- **MATERIAL PROVIDED**:
◆ ◆ ◆ ◆ ◆ ◆ ◆
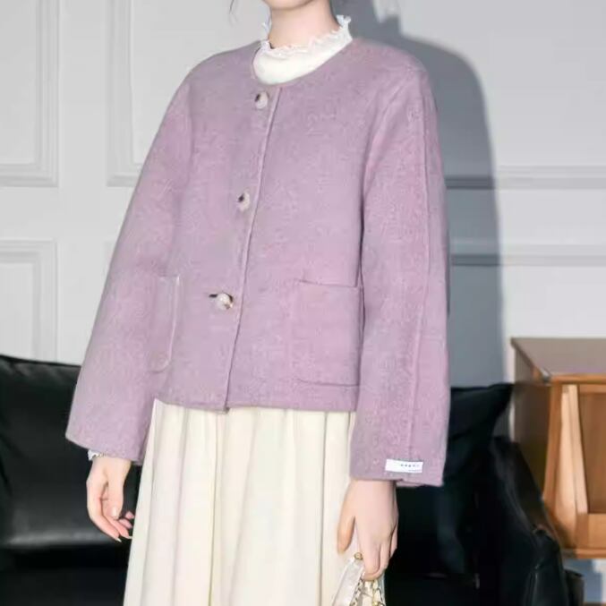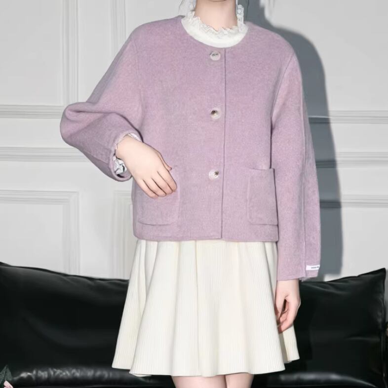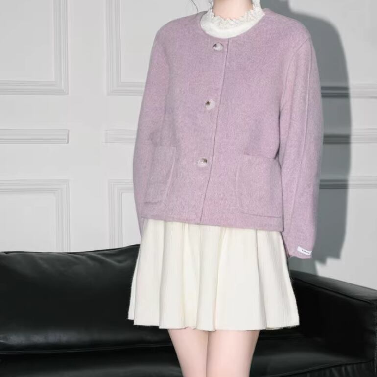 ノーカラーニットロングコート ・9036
◆ ◆ ◆ ◆ ◆ ◆ ◆
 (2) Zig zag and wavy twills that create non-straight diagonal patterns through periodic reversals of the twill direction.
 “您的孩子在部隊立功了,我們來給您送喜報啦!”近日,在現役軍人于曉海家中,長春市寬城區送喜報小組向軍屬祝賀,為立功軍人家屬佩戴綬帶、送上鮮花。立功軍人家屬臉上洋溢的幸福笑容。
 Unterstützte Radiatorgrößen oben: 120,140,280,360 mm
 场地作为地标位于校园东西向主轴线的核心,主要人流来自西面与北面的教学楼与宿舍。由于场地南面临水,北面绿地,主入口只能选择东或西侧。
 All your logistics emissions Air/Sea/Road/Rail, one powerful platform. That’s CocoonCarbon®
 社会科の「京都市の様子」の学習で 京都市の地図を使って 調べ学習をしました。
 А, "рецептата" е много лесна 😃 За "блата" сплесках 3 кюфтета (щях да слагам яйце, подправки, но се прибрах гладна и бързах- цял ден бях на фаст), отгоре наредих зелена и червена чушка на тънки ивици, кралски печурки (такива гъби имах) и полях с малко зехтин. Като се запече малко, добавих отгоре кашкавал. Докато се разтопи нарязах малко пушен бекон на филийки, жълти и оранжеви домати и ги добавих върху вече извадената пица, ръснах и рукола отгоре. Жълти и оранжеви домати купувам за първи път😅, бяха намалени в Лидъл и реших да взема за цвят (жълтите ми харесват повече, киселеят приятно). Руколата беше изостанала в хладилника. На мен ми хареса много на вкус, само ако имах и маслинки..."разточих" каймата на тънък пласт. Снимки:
◆ ◆ ◆ ◆ ◆ ◆ ◆
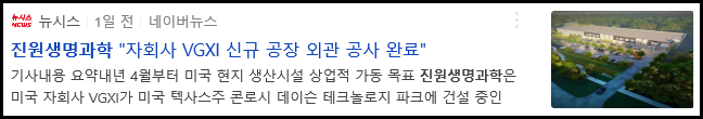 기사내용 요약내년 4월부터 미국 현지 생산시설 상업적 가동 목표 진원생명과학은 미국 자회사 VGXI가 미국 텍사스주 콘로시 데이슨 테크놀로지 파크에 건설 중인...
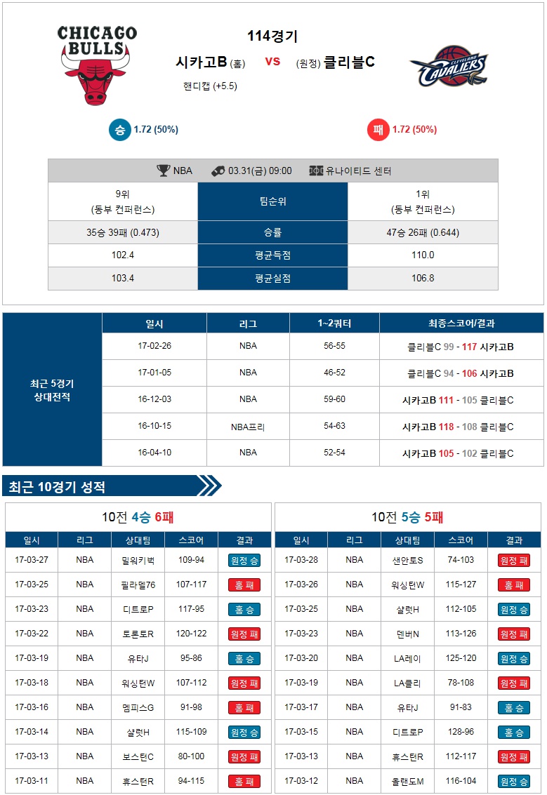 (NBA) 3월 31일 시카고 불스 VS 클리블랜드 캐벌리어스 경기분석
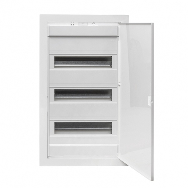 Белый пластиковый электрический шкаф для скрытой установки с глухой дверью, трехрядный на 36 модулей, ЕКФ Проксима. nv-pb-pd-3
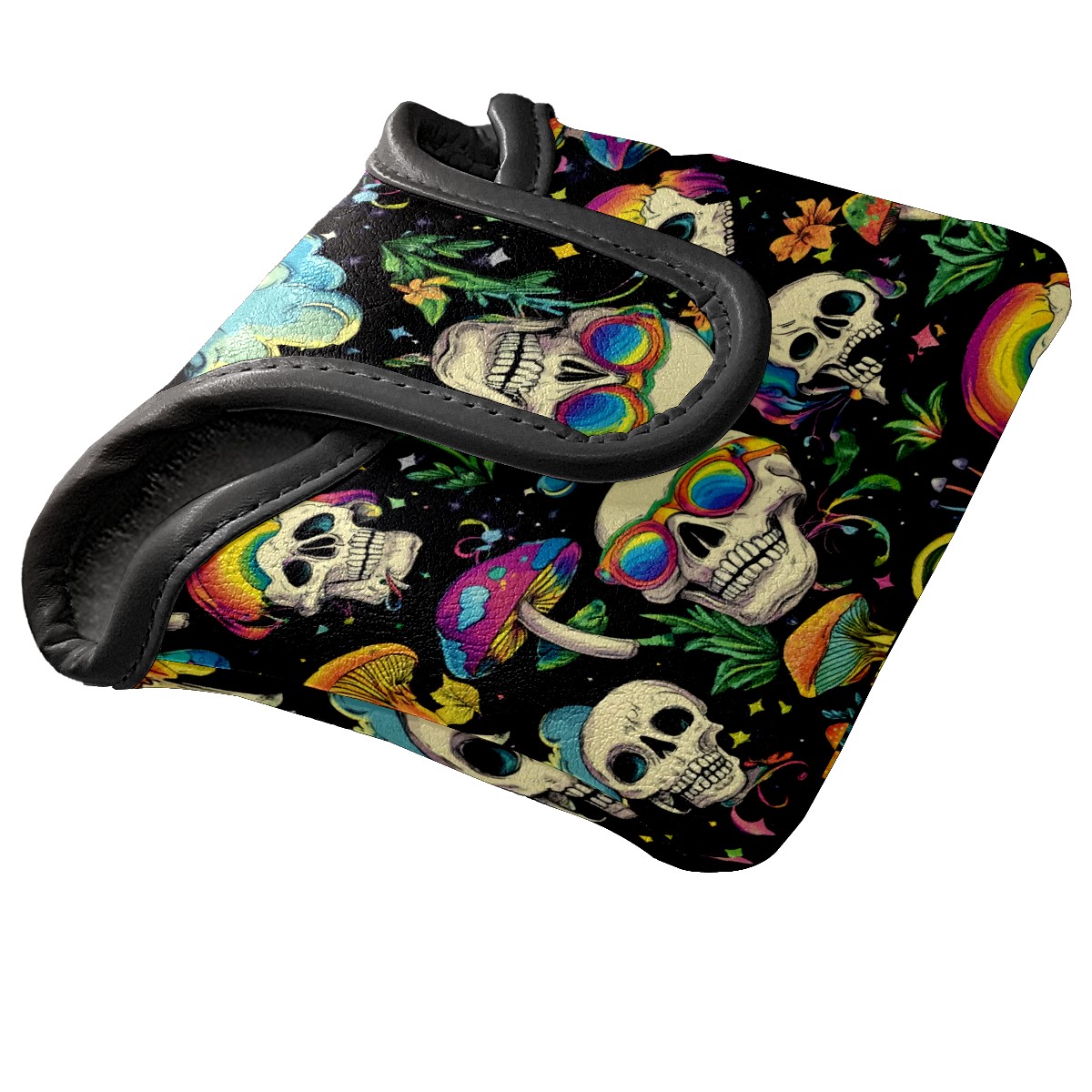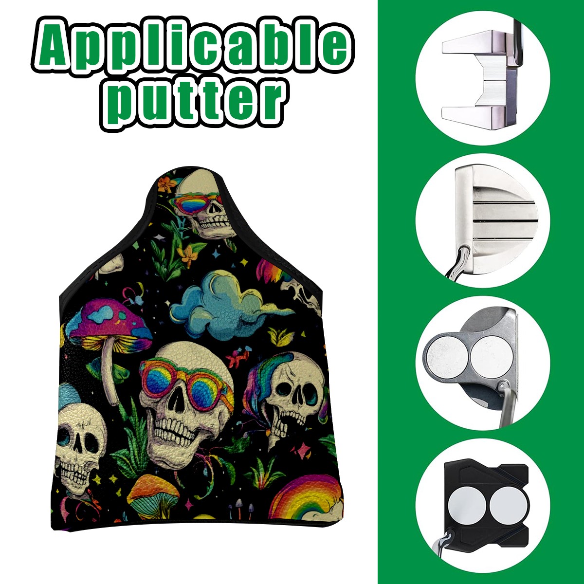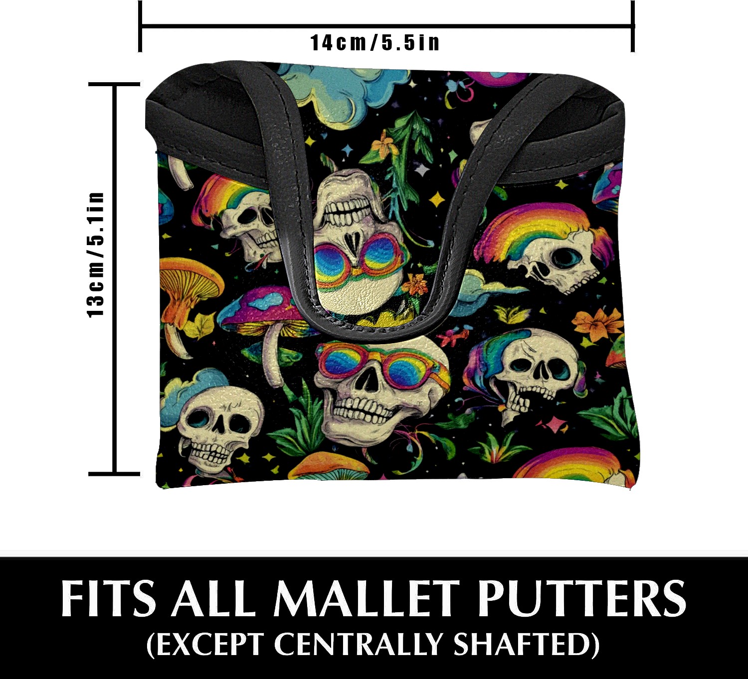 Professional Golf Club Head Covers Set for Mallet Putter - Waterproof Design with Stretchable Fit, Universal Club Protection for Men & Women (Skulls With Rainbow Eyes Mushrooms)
◆ ◆ ◆ ◆ ◆ ◆ ◆
- **THE PROBLEM**: In the records above, find the line with "기사내용 요약내년 4월부터" and the line with "Professional Golf Club", then restate word for word only those two lines and all lines between, omitting pictures.

- **ANSWER SECTION**:
 기사내용 요약내년 4월부터 미국 현지 생산시설 상업적 가동 목표 진원생명과학은 미국 자회사 VGXI가 미국 텍사스주 콘로시 데이슨 테크놀로지 파크에 건설 중인...
 (NBA) 3월 31일 시카고 불스 VS 클리블랜드 캐벌리어스 경기분석
 Белый пластиковый электрический шкаф для скрытой установки с глухой дверью, трехрядный на 36 модулей, ЕКФ Проксима. nv-pb-pd-3
 Professional Golf Club Head Covers Set for Mallet Putter - Waterproof Design with Stretchable Fit, Universal Club Protection for Men & Women (Skulls With Rainbow Eyes Mushrooms)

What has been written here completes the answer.